URI (Uniform Resource Identifier) protocol handler bugs have plagued Microsoft's software, as well as that of other vendors, since last summer. Microsoft patched a general protocol handler flaw in Windows back in November, for example, but only after several months of sometimes contentious debate about who was responsible for the vulnerability.

It's likely, said nCircle's Storms, that the mailto: flaw in Outlook was actually discovered during the URI protocol handler dustup, and reported privately to Microsoft around then. "It makes sense that this was disclosed about the same time," said Storms. "Everybody was scrutinizing the URI issue, so the likelihood of someone finding it then was really high." Because the bug was reported directly to Microsoft and news of it didn't leak, Microsoft could take its time crafting a patch, Storms theorized. Microsoft credited Greg MacManus of iDefense Labs for reporting the vulnerability.

Unlike most Office-related vulnerabilities, however, the Outlook bug isn't in a file format, and doesn't require hackers to deliver rigged attachments. Instead, the bug can be triggered by simply clicking on a specially-crafted mailto: URI that would then take the victim to a malicious or hacked Web site.

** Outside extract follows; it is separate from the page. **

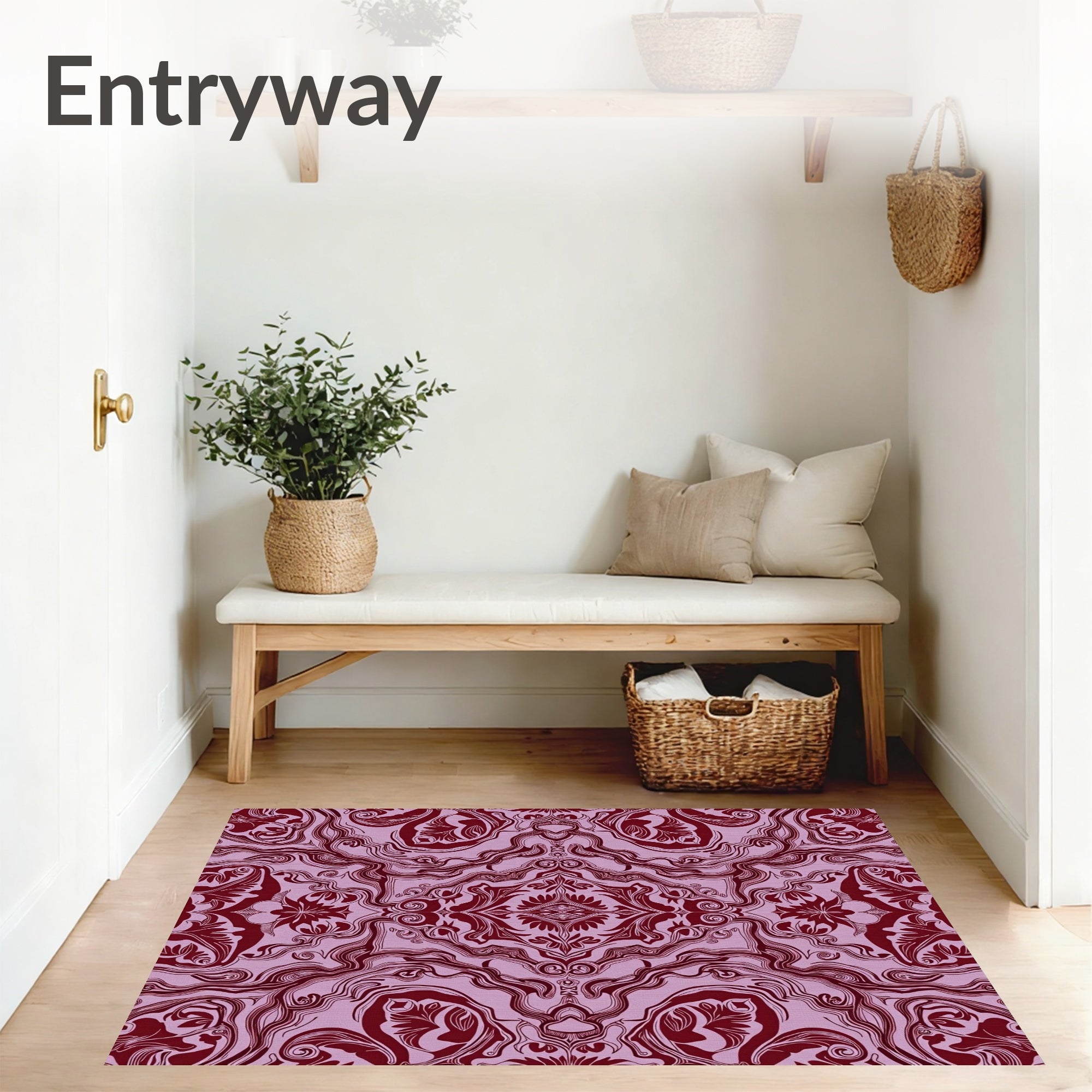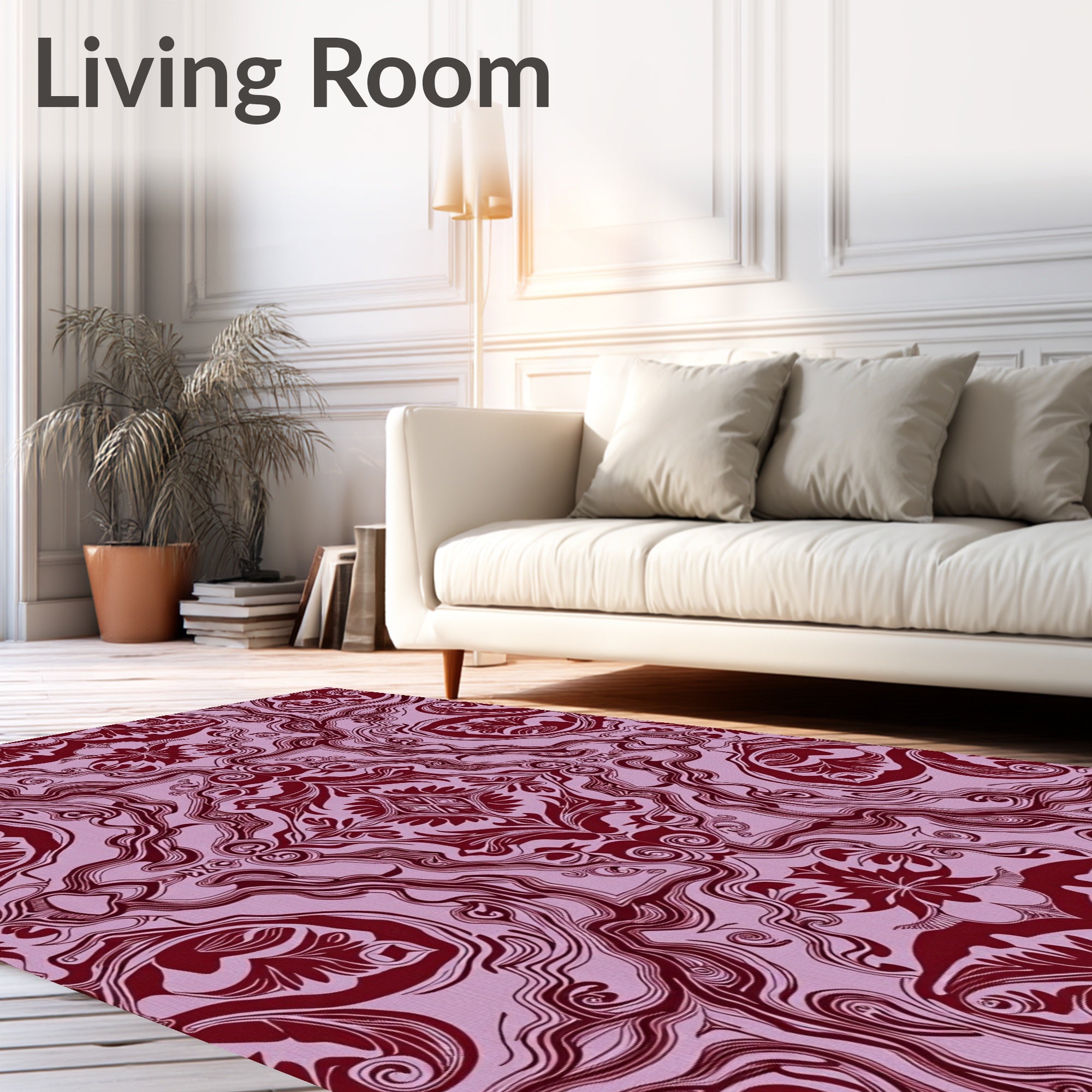 Ultra Soft Area Rug, Non Slip, Stain Resistant, Washable Area Rugs for Living Room, Bedroom, Textured Botanical Floral Vine Paisley Elegant Sophisticated(Pink) Overview:
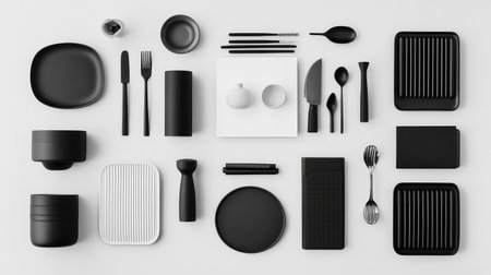 Black and white kitchenware elegantly displayed against a neutral backdrop showing simplicity and style. A.I.

The other two bulletins -- MS08-016 and MS08-017 -- fix a pair of parsing and memory corruption bugs in several versions of Office, and plug two holes in Office Web Components, controls that let users publish spreadsheets, charts and databases to the Web, then view that content once it's published.

What's interesting, Storms said, is that those vulnerabilities, as well at the other eight in the dozen patched today, can all be mitigated by doing what Microsoft and others constantly recommend: Run Windows as a local user, not with admin rights. "This might be the first month ever that running [as a local] user protects you from all the bugs," Storms said.

On the trend line, both Storms and Amol Sarwate, the manager of Qualys Inc.'s vulnerability lab, pointed to the emphasis on client applications, not the operating system, in today's updates. "The trend again is of vulnerabilities in client-side applications," said Sarwate, noting the shift toward exploiting flaws in commonly-used programs like Microsoft Office.

"If you look at these, there's a lot of copy and paste," said Storms, referring to the bulletins' descriptions and the other flavor of today's updates. "They're all [about] Office, they're all critical. That totally makes sense [and] may be a turning point for Microsoft. Maybe they're clearing out the last batch of vulnerabilities in Office. It's such a homogeneous bunch and so similar all down the line.

"Maybe they've finally gotten their act together," Storms concluded.

The four security updates can be downloaded and installed via the Microsoft Update and Windows Update services, as well as through Windows Server Update Services.